De outro lado, uma segunda corrente afasta a aplicação irrestrita da teoria da responsabilidade objetiva. Os partidários dessa teoria defendem que o controle de acesso de animais na pista é uma medida inviável à concessionária, pois não há como controlar todos os terrenos marginais das rodovias, restando caracterizada a imprevisibilidade do evento danoso.

A ideia da ineficiência do serviço estaria fundada em um pressuposto equivocado, portanto, a configuração da responsabilidade objetiva. No caso, a responsabilidade civil por omissão seria subjetiva. Para haver a responsabilidade da concessionária seria imperioso apurar (i) a previsibilidade do evento danoso; (ii) a possibilidade de se adotar providências aptas a evitar o acidente; e (iii) a ausência da adoção de eventuais medidas cabíveis.

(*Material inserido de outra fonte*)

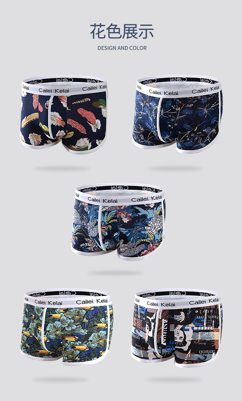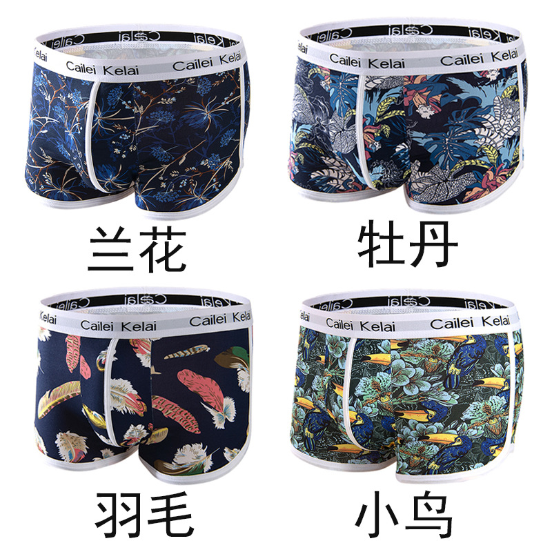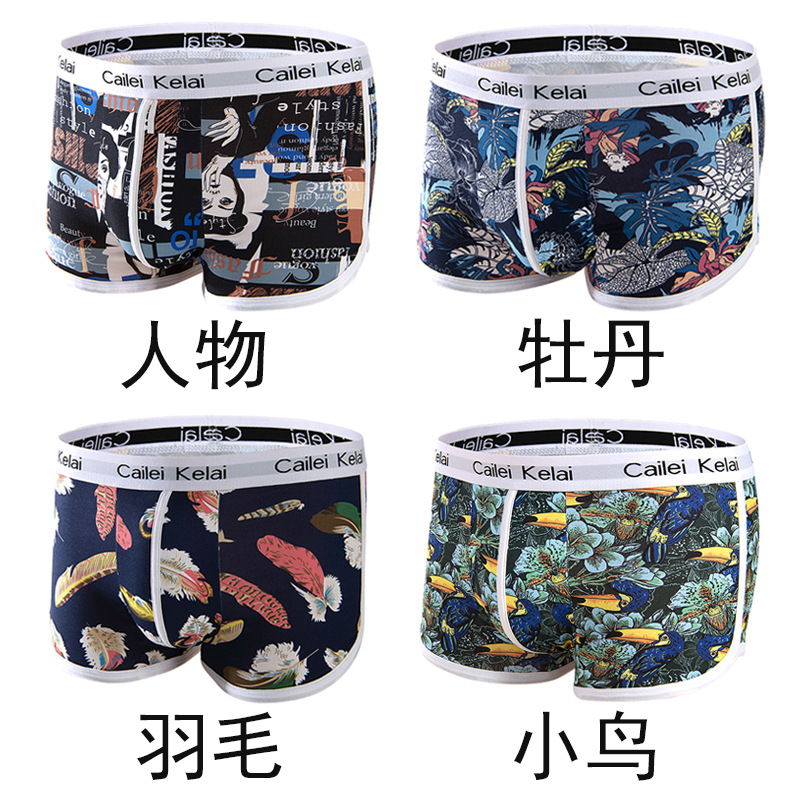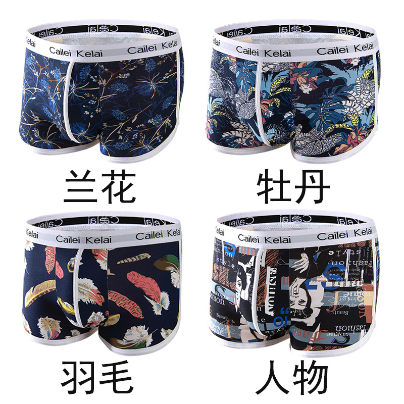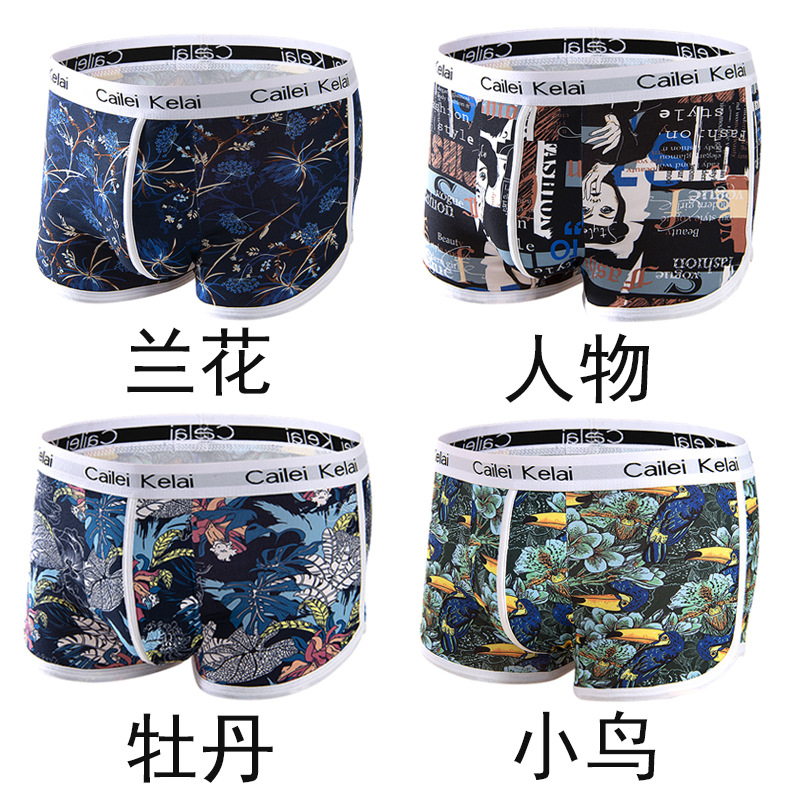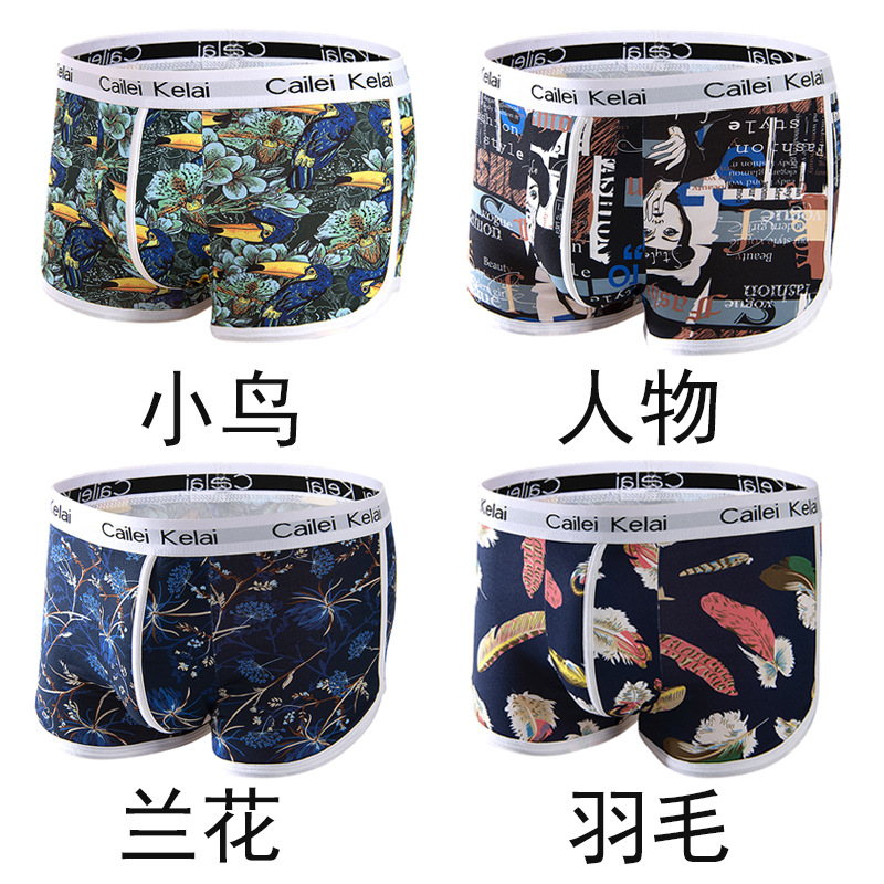 남성 속옷 통기성 독특한 중간 허리 스트레치 패션 인쇄 청소년 속옷 유행 바지 학생 반바지스토어 가기
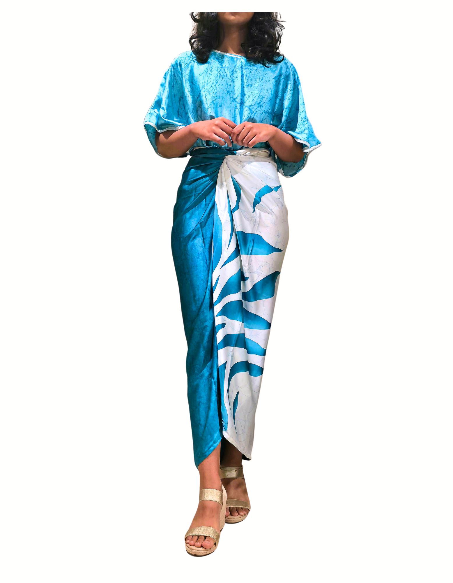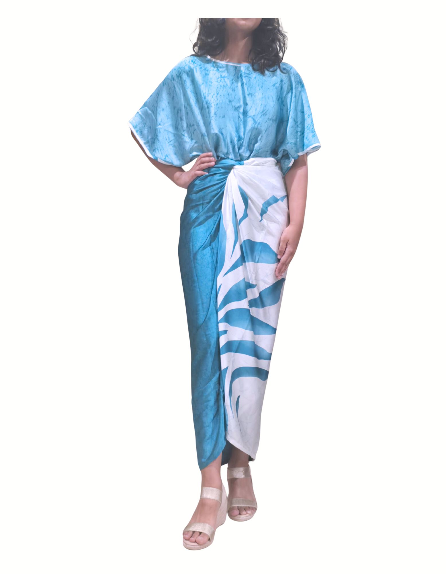 Blue and white satin silk two-piece.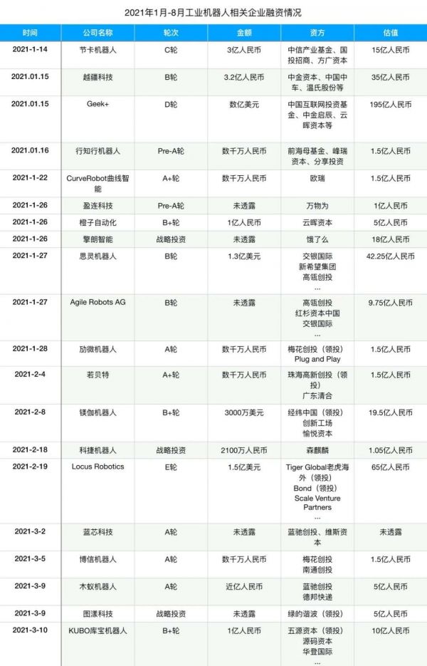 以下是2021年1~8月国内工业机器人相关企业融资情况列表。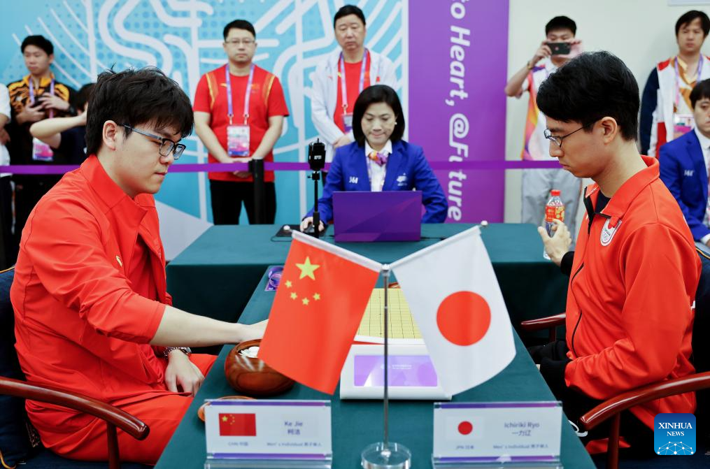 Ichiriki Ryo (R) of Japan competes against Ke Jie of China during the Men's Individual Semifinal of Go Chess at the 19th Asian Games in Hangzhou, east China's Zhejiang Province, Sept. 28, 2023. (Xinhua/Gong Bing)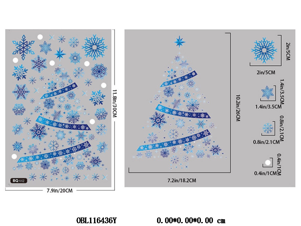 PVC雪花圣诞树窗户静电贴20*30cm 100张/中包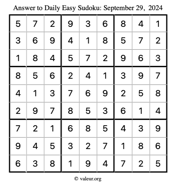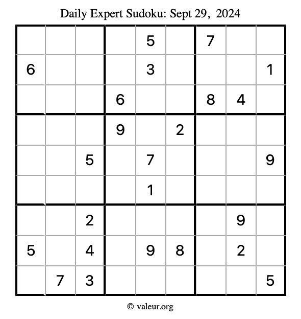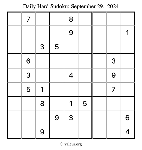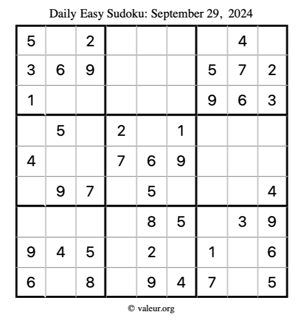 Here are the September 29, 2024 daily four sudoku puzzles. You are welcome to print a copy of the puzzles and solve them by hand. For your convenience, we have also included the solutions further down the page so you can check your work.

Somente no caso de resposta positiva a todas essas indagações, poderia se admitir a responsabilidade da concessionária.

A controvérsia é tamanha que a questão foi levada aos Tribunais Superiores e é objeto do Tema Repetitivo n.º 1122, cuja questão submetida a julgamento reside na “a) responsabilidade (ou não) das concessionárias de rodovia por acidente de trânsito causado por animal doméstico na pista de rolamento; e (b) caráter objetivo ou subjetivo dessa responsabilidade à luz do Código de Defesa do Consumidor e da Lei das Concessões”.

A referida afetação acarretou na suspensão de todos os recursos especiais e agravos em recursos especiais sobre o tema, cujo julgamento ainda não foi concluído. A finalidade do referido procedimento consiste em definir uma tese a ser aplicada a todos os processos em que se discuta idêntica questão de direito. Assim, em última análise, serão definidos os contornos da responsabilidade das concessionárias em todos os casos desta natureza, pacificando a controvérsia.